Moreover, insofar as the Union contends that the Authority always remands awards where the underlying violation is upheld but the remedy for the violation is set aside, such a contention is incorrect. In United States Dep't of Veterans Affairs, Cleveland Reg'l Office, Cleveland, Ohio, 59 FLRA 248 (2003) (Member Pope dissenting) (VA Cleveland), the Authority addressed what actions it would take in cases where it set aside the remedy but left undisturbed an arbitrator's finding of an [ v60 p253 ] underlying contractual violation. [n4] The Authority stated that "[t]he question then becomes whether in this circumstance the Authority should direct further action, such as remanding the matter to the parties for further proceedings to give the arbitrator another opportunity to issue a legal remedy for the violation that he found." VA Cleveland, 59 FLRA at 251-52. The Authority concluded that the action it would take under the Statute would require "an individualized judgment to be determined on the facts and circumstances of each case." Id. at 252. In this regard, the Authority stated:
That action can take many different forms: setting aside the deficient remedy without further proceedings, modifying the remedy, remanding the case to the parties for submission to the same or different arbitrator, or possibly other variations. The guiding principle as to what particular action is necessary is whether an action, under the facts and circumstances presented, would promote the purposes and policies of the Statute.
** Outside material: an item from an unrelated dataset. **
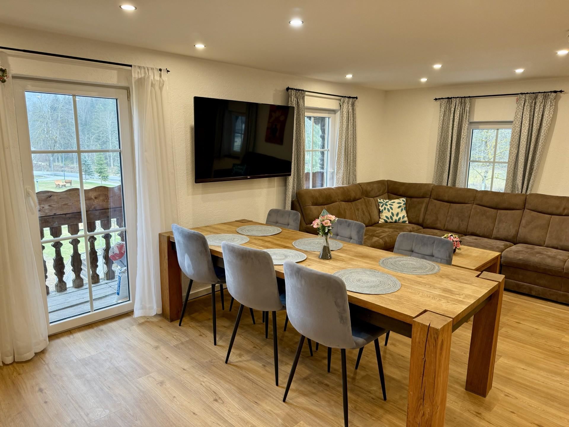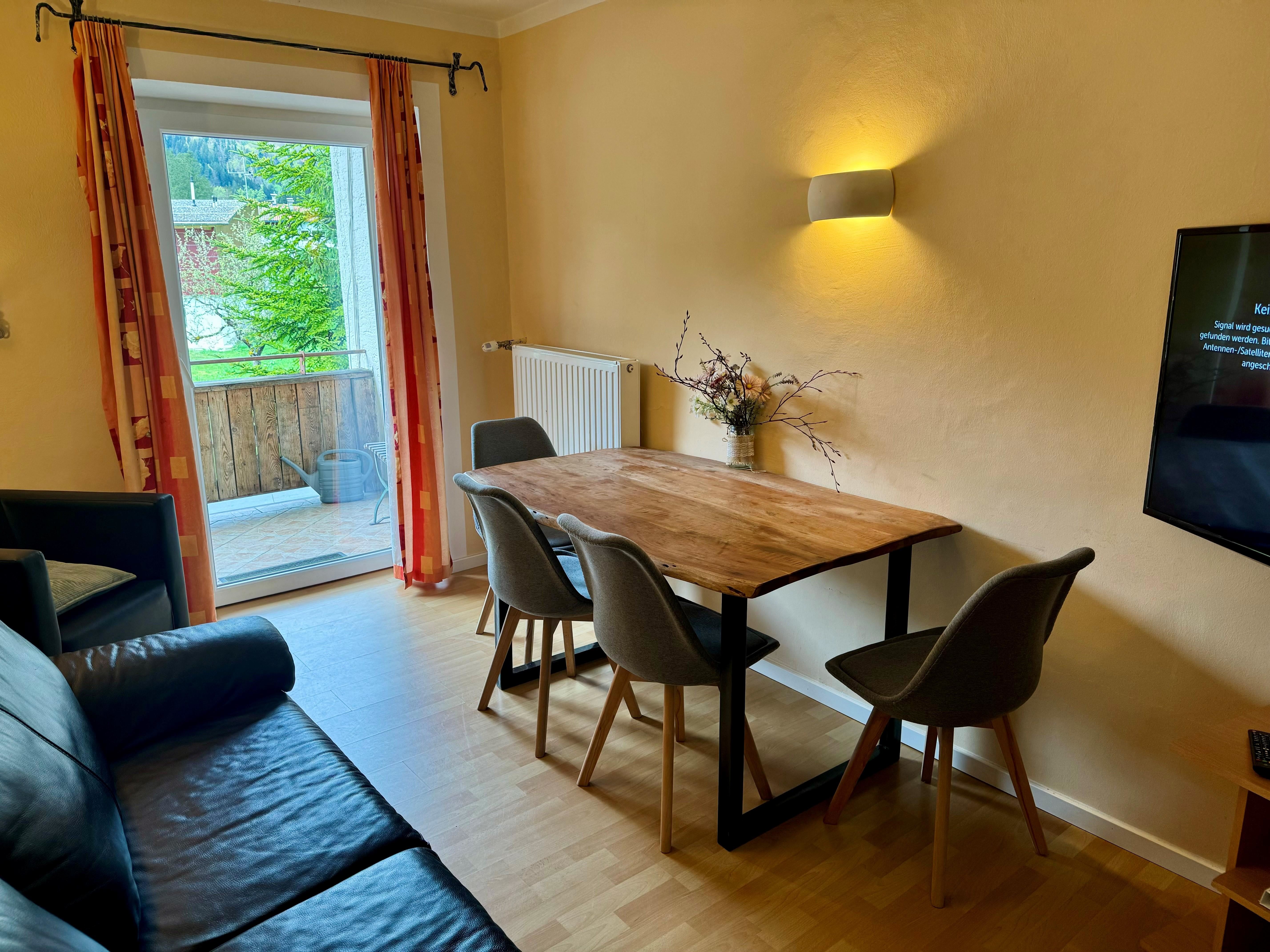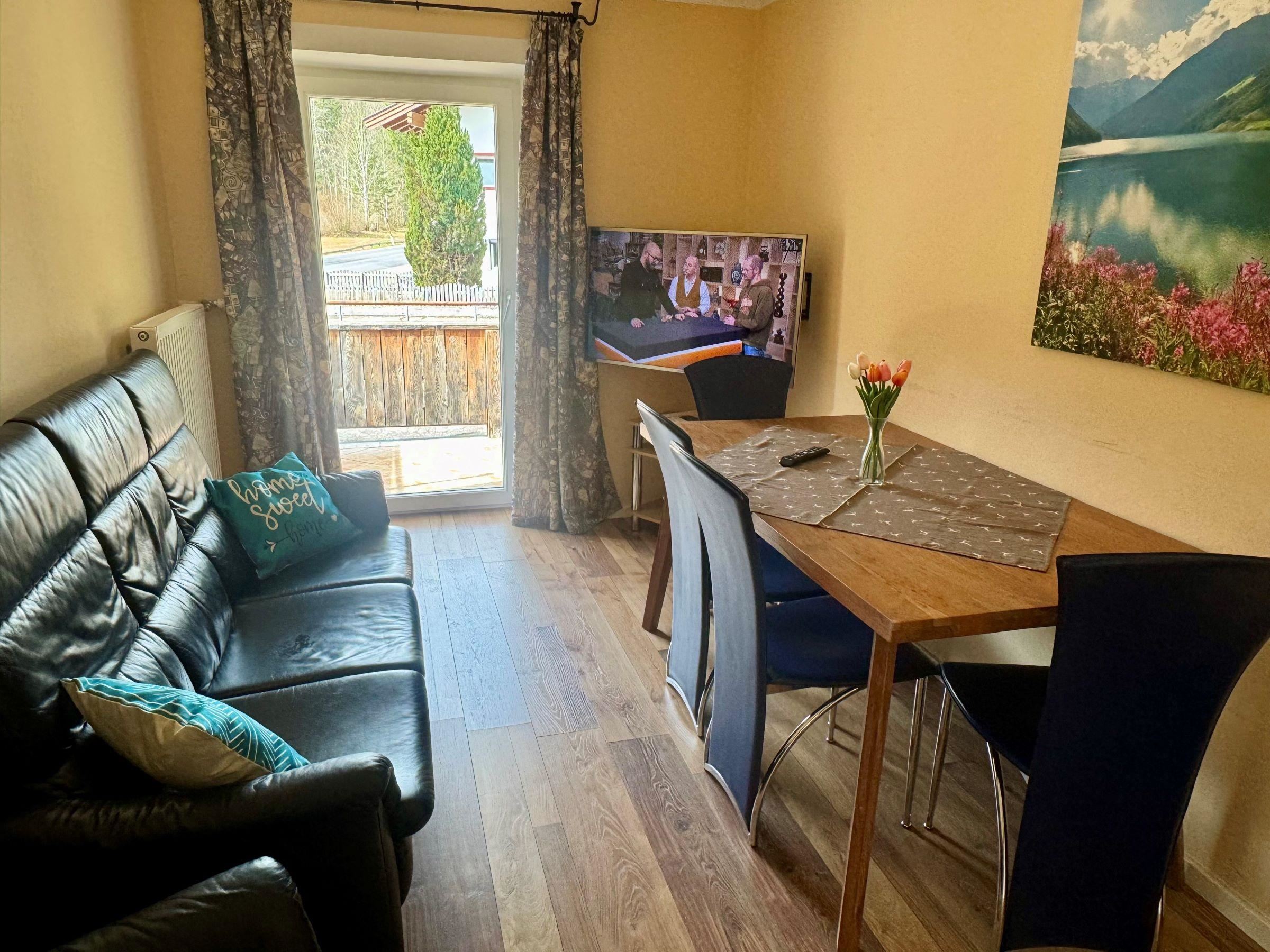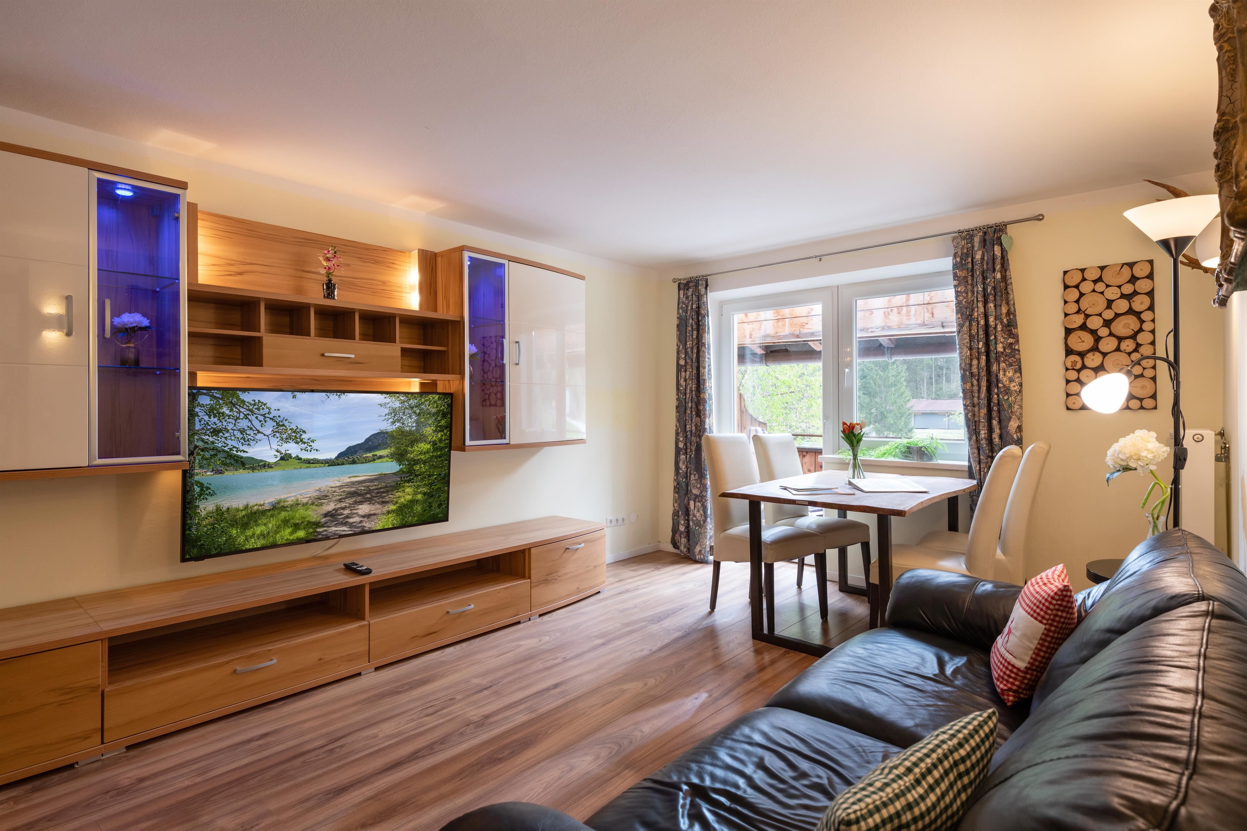 Die beiden gemütlichen Schlafzimmer verfügen jeweils über ein komfortables Doppelbett und in einem Schlafzimmer gibt es ein zusätzliches Einzelbett. Im lichtdurchfluteten Wohnzimmer mit Sofa, Flachbildfernseher, gemütlicher Essecke und offener Wohnküche könnt ihr nicht nur bei schlechtem Wetter verweilen. Gratis WLAN steht Ihnen hier und im gesamten Haus zur Verfügung. Die moderne Wohnküche ist voll ausgestattet. Zur Wohnung gehört eine private, eingezäunte Terrasse mit Whirlpool, Sitzlounge und Esstisch mit einmaligem Panoramablick auf die Tiroler Alpen.

Accordingly, the Union is incorrect in contending that a remand is warranted in this case simply because the remedy of monetary damages is set aside.
The portion of the award providing for monetary damages to the Union is set aside.
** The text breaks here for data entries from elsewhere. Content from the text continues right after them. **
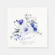 The shade of royal blue ivory floral wedding napkins feature a beautiful bouquet of blue roses and ivory flowers, complemented by grayish-blue leaves and stems.
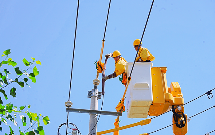 工作人員借助絕緣斗臂車,快速、精準(zhǔn)地抵達(dá)作業(yè)位置。他們身著厚重的絕緣服,有條不紊地開展更換變壓器工作。盡管汗水早已濕透衣衫,但大家的眼神中透露出專注與堅(jiān)定?!敖^緣服里像蒸桑拿,好在設(shè)備噪聲小、連續(xù)干活不‘掉鏈子’,不然真扛不住這高溫持久戰(zhàn)?!?一位作業(yè)人員抹著額頭的汗說。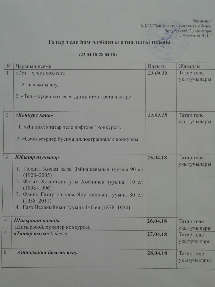 Предметная неделя по татарскому языку и литературе/Татар теле атналыгы 23.04.2018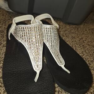 Step out in style with these elegant white sandals featuring sparkling rhinestone detailing. Perfect for any occasion, these sandals offer both comfort and glamour. Only worn a few times. Tanner on the inside. Not dirt!
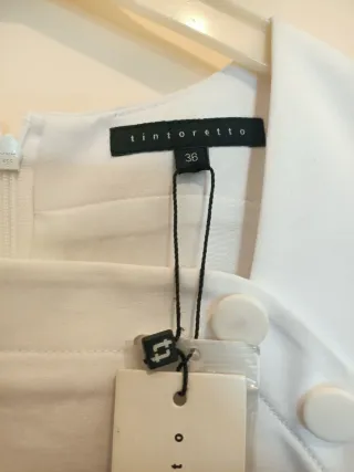 Vestido elegante de la marca Tintoretto. - Color blanco. - Talla 36 (S). - Diseño moderno.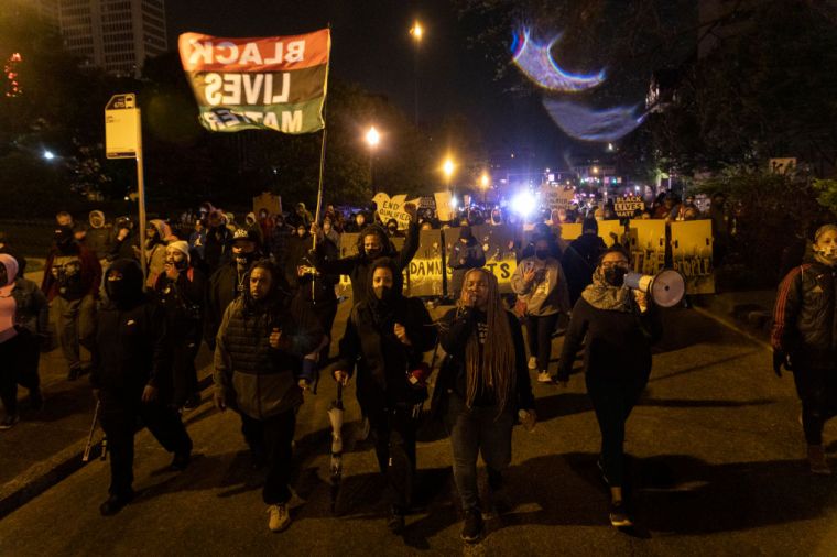 Black Lives Matter activists march through downtown Columbus.

5 C.F.R. § 550.112(g) provides, in relevant part:
Computation of overtime work.
The computation of the amount of overtime work of an employee is subject to the following conditions:
. . . .
(g) Time in travel status. Time in travel status away from the official duty station of an employee is deemed employment only when:
(1) It is within his regularly scheduled administrative workweek, including regular overtime work; or
(2) The travel -
. . . .
(iv) Results from an event which could not be scheduled or controlled administratively, including travel by an employee to such an event and the return of the employee to his or her official-duty station.
Footnote # 1 for 60 FLRA No. 56 - Authority's Decision
The Agency filed an unsolicited response to the Union's opposition to the Agency's exception. As the Authority's Regulations do not provide for the filing of supplemental submissions, and as the Agency failed to request permission to file its submission under § 2429.26, the Authority has not considered the submission. See, e.g., Sport Air Traffic Controllers Organization, 55 FLRA 34, 34 n.1 (1998).
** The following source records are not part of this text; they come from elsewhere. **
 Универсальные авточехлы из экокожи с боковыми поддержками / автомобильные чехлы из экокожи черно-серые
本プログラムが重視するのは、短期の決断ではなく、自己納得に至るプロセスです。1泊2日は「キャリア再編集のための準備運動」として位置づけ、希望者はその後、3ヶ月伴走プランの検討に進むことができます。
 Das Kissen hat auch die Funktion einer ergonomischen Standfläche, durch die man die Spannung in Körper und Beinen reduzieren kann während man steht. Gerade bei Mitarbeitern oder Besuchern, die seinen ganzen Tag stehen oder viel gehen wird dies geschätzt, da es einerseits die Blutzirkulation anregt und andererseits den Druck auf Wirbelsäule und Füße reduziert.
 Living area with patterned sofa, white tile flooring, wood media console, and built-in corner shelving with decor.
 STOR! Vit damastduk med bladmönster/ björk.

Footnote # 2 for 60 FLRA No. 56 - Authority's Decision
Footnote # 3 for 60 FLRA No. 56 - Authority's Decision
If the Employer determines that travel on a non-workday is the most effective and efficient means for accomplishing the mission of the Agency and the scheduling of the meeting that the employee has to attend is outside the control of the FDA, then the employee may be required to travel on a non-workday. If the meeting is within the control of the Employer, and it is administratively feasible, the FDA has determined that it will reschedule the meeting to avoid required travel on non-workdays. This Section does not apply to travel associated with foreign inspections and investigations or emergency travel, which may require travel on non-workdays.
Footnote # 4 for 60 FLRA No. 56 - Authority's Decision
Member Pope notes that consistent with DOJ Beaumont and DOJ Carswell, it is unnecessary to address whether the award would be remanded under VA Cleveland, a decision with which she disagrees for the reasons set forth in her dissent therein.